Inspiring words from one of our long-term supporters, Sophie Holroyd

17 May , 2023 Blog

Inspiring words from one of our long-term supporters, Sophie Holroyd

From right to left – Kitty Holroyd, Sophie Holroyd, Sam Botterill & Jenny Henman (founder of Plant your Future), enjoying prosecco at the event!

Sophie’s heartfelt words remind us of how many people share our passion, mission and vision. Each one of our supporters contribute to the success of Plant your Future in a different way, and to us, they are all valuable.


Sophie’s heartfelt words

It’s an odd thing, feeling so connected to a charity when you have never seen in person the good work it does, and have no real prospect of ever doing so. In the case of my relationship with Plant Your Future, the connection comes from caring passionately about the cause, and believing so strongly in the power of the charity to bring about transformational change both in people’s lives, and in the environment. The wonderful Plant Your Future fundraising reception at the kind invitation of the Peruvian Embassy in London made that connection meaningful and vivid for me, enabling me to meet many other like-minded committed supporters, the dedicated community of which I am a tiny part, to celebrate in person the work of the charity.

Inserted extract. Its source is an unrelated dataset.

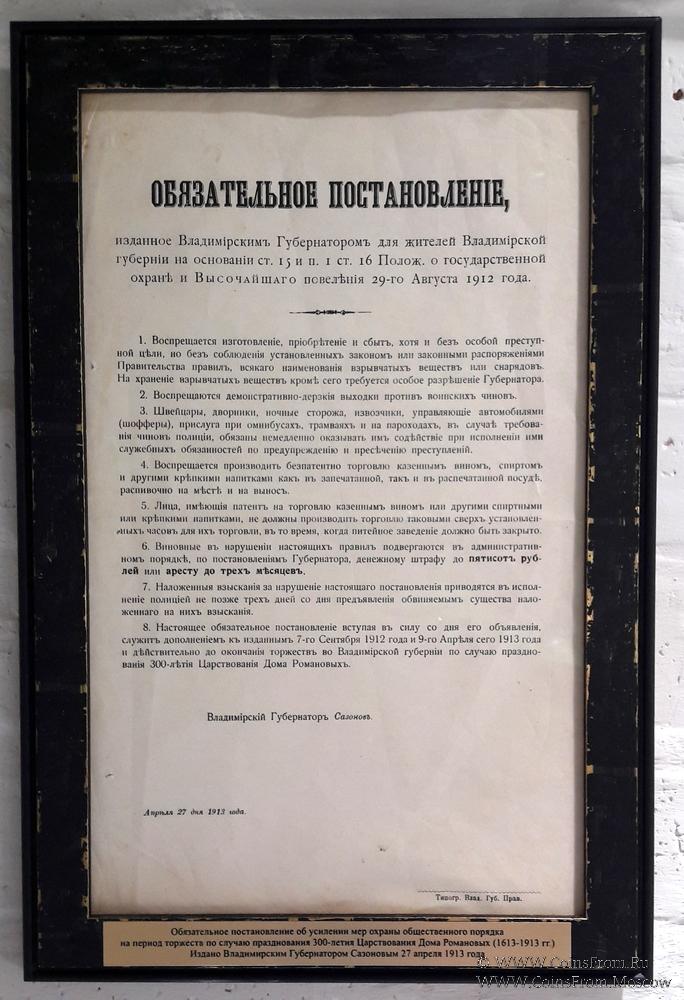 Обязательное постановление от 27.04.1913 г. по Владимирской области о государственной охране.

“In the case of my relationship with Plant your Future, the Connection comes from caring passionately about the cause and believing so strongly in the power of the charity to bring about transformational change both in people’s lives and in the environment.”

The evening also made my sense of the charity more vivid by putting faces to some of the names behind the scenes – Jenny, Plant Your Future’s driven, tirelessly energetic and articulate founder, and Barry, one of the all-important trustees who are the backbone of the charity’s organisation. Most of the volunteers were like me long-term supporters of the charity like Sam, who filled and refilled our glasses with fizz to accompany the lovely canapés, which I am sure encouraged me to buy several sheets of tickets to go in the raffle in the expectation of winning some wonderful prizes at the end of the evening.

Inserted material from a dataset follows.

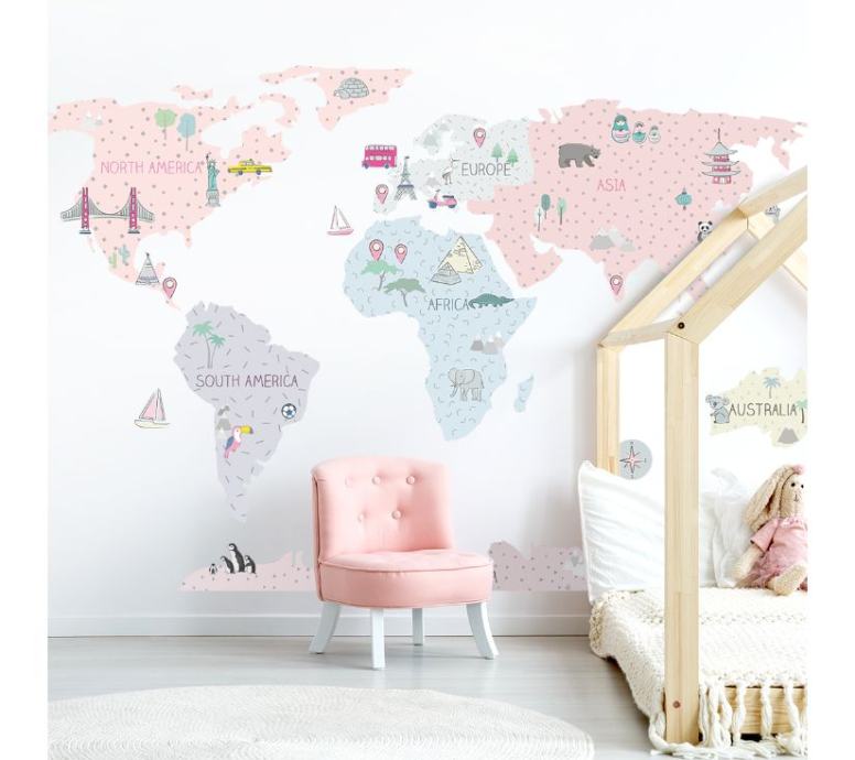 Karte nisu samo jedinstveni ukras, već i senzacionalan način učenja kroz igru. Djeca uče o kontinentima, oceanima i smjerovima svijeta, kao io spomenicima i atrakcijama određene regije ili države. Zahvaljujući posebnim dodatnim naljepnicama, mogu označiti i mjesta koja su već posjetili ili koja bi željeli posjetiti u budućnosti.

My sense of connection was further heightened during the evening for everywhere I turned to look we were surrounded on each wall by images of Peru: the extraordinary exhibition of photographs taken over forty years ago by Tony Hutchings, whom we had the pleasure of hearing speak at the reception and who is also a generous supporter of the charity. His photographs record not only the most globally recognisable and iconic Peruvian landmarks, such as Machu Pichu and Lake Titicaca, but also the scope and sweep of this extraordinary country, and its people.

Tony encountered them during his 15,000-mile journey as they celebrated the Inti Raymi festival, fished off Tachile Islands in reed boats, or made traditional everyday hats and belts. The Ambassadors’s wife Desiree shared with me that a significant tower which was the focus of one of Tony’s photographs displayed in the entrance hall had collapsed in an earthquake in the intervening years and no longer exists and that for both herself and her friend visiting from Peru, who was also attending the reception, this was a particularly poignant record of their loss.

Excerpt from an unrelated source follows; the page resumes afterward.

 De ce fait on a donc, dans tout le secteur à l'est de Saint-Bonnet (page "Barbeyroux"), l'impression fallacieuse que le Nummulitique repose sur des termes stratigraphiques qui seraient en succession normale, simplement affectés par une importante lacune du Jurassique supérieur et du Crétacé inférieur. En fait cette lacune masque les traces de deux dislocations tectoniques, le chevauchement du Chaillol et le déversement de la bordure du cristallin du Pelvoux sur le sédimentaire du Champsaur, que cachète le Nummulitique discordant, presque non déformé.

“There was a powerful sense throughout the evening of a swell of energy and enthusiasm to return to Peru and to the world the lost landscape.”

And indeed there was a powerful sense throughout the evening of a swell of energy and enthusiasm to return to Peru and to the world the lost landscape: since Tony visited in 1982 sadly so much more of Peru’s Amazonian rainforest has disappeared. In her speech Jenny made the powerful argument that sustainable agroforestry practices can reverse this decline, supporting a population of Amazonian farmers to live sustainably on the land they love by replanting tens of thousands of native trees – many of which grow fruits which can be harvested and yield an income — cocoa, lime, copoazu to name but three — and even trees which can be logged sustainably like marupa and tornillo.

Jenny reeled off (some mindboggling) stats on the scale-up in tree planting by the charity over the last 3 years – 44,000 trees in 2021, just over 156,000 in 2022, and they have already planted over 200,000 this year. They are on track to make it to 250,000 — yes, a quarter of a million — before the rains stop at the end of May. Phenomenal growth. I had sharp pictures in my mind of images that I have seen on Plant Your Future’s blog: the countless rows of tiny vibrant little tornillo saplings in their little pots growing in the forest nursery on the other side of the world, seeds that I in a small way had contributed to buying with my support during their Big Give campaign. Images in my mind too of the backbreaking labour of the farmers planting out the saplings in time for them to be watered by the rainy season to ensure their successful survival. Work that I can never help with in-person but which I, and all the other supporters at the reception and the army of others that couldn’t be there, can sustain and make possible.

It truly is an endeavour that spans the globe.